Data items
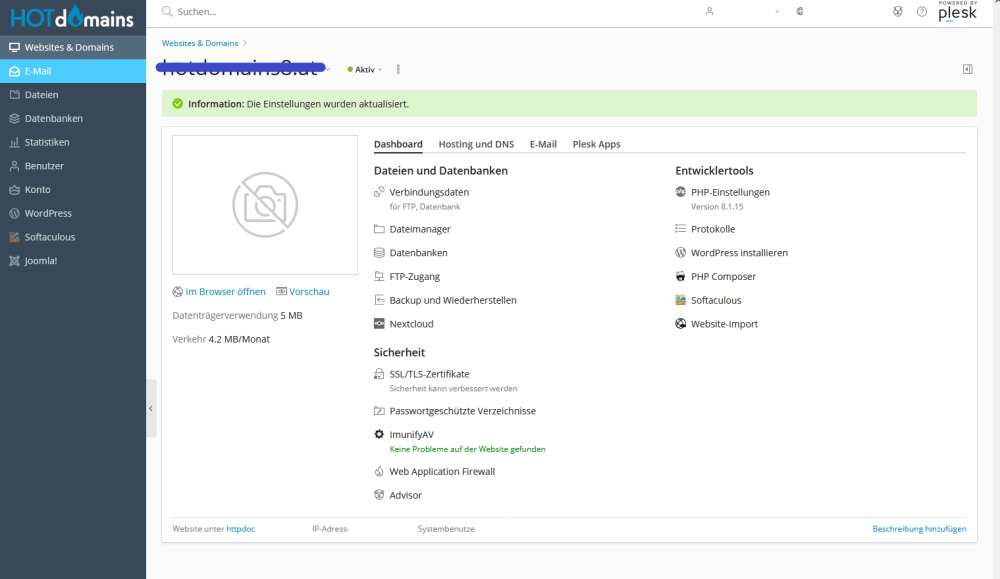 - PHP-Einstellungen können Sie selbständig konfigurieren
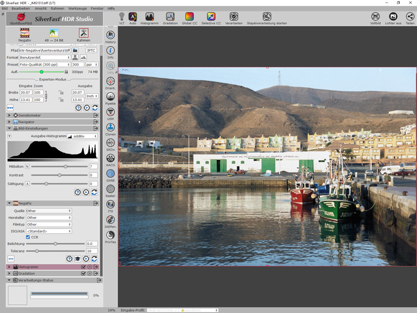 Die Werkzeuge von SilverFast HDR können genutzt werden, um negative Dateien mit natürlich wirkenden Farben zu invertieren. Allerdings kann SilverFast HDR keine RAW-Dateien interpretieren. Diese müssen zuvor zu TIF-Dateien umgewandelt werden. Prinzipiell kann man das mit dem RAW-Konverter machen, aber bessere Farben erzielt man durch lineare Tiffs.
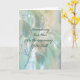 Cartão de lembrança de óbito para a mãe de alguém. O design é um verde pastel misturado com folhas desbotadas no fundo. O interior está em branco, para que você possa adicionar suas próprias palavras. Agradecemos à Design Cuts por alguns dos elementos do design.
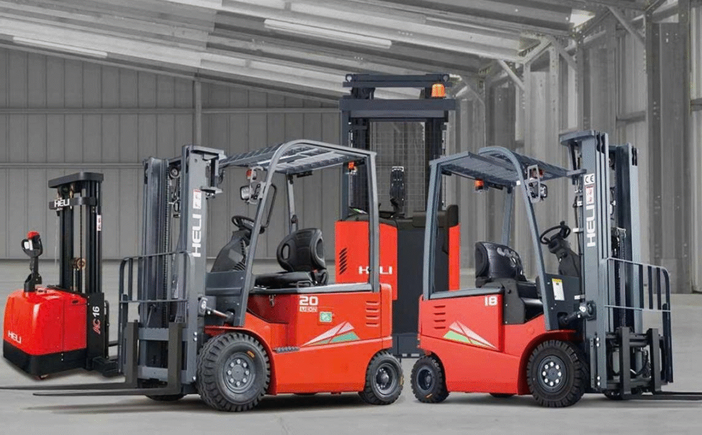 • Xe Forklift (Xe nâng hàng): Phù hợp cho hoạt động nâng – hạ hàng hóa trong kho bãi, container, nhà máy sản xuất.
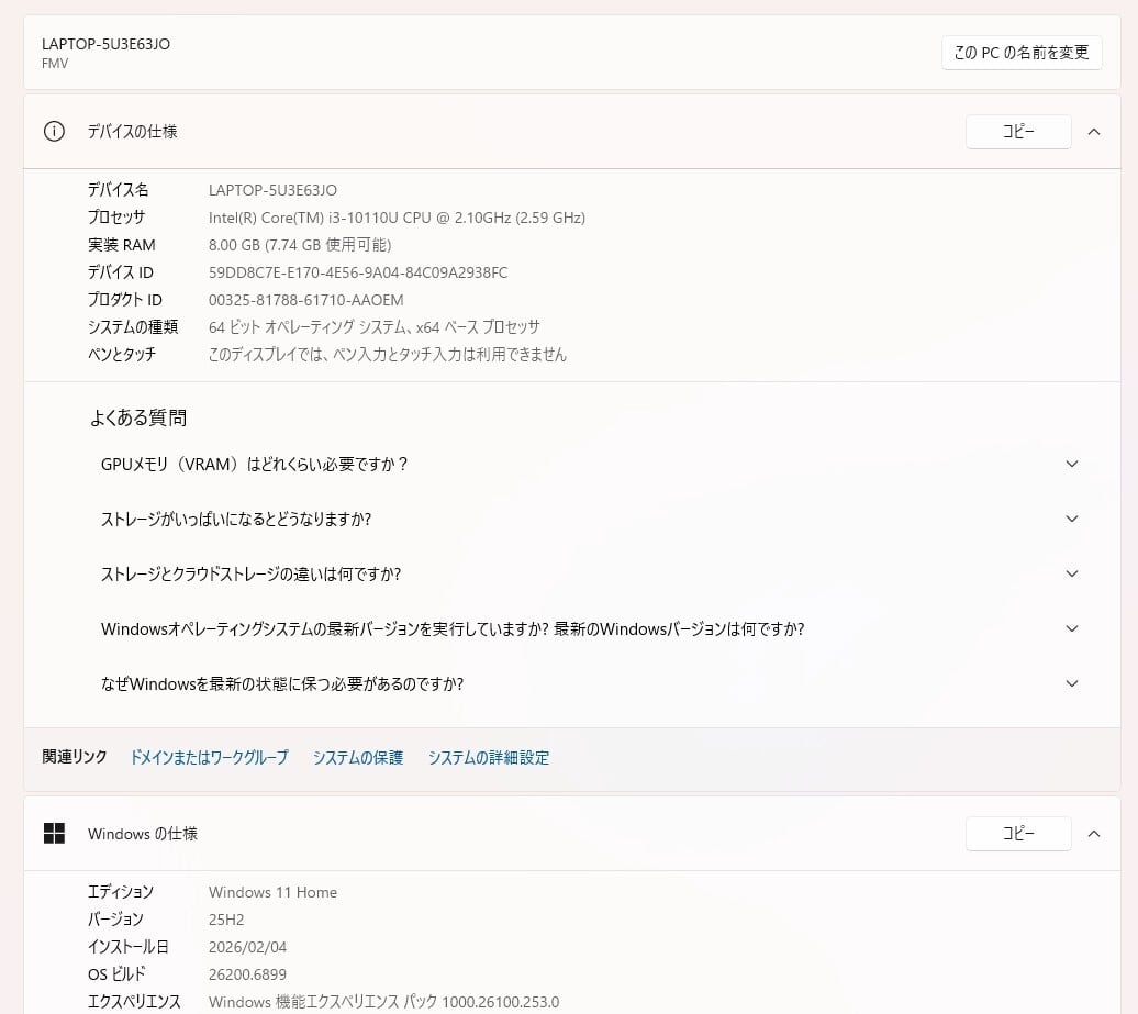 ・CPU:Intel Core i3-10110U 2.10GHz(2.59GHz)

**PROBLEM TO WORK ON**
Except for the pictures, print the data above exactly.

**OUTPUT FOR THIS TASK**
 - PHP-Einstellungen können Sie selbständig konfigurieren
 Die Werkzeuge von SilverFast HDR können genutzt werden, um negative Dateien mit natürlich wirkenden Farben zu invertieren. Allerdings kann SilverFast HDR keine RAW-Dateien interpretieren. Diese müssen zuvor zu TIF-Dateien umgewandelt werden. Prinzipiell kann man das mit dem RAW-Konverter machen, aber bessere Farben erzielt man durch lineare Tiffs.
 Cartão de lembrança de óbito para a mãe de alguém. O design é um verde pastel misturado com folhas desbotadas no fundo. O interior está em branco, para que você possa adicionar suas próprias palavras. Agradecemos à Design Cuts por alguns dos elementos do design.
 • Xe Forklift (Xe nâng hàng): Phù hợp cho hoạt động nâng – hạ hàng hóa trong kho bãi, container, nhà máy sản xuất.
 ・CPU:Intel Core i3-10110U 2.10GHz(2.59GHz)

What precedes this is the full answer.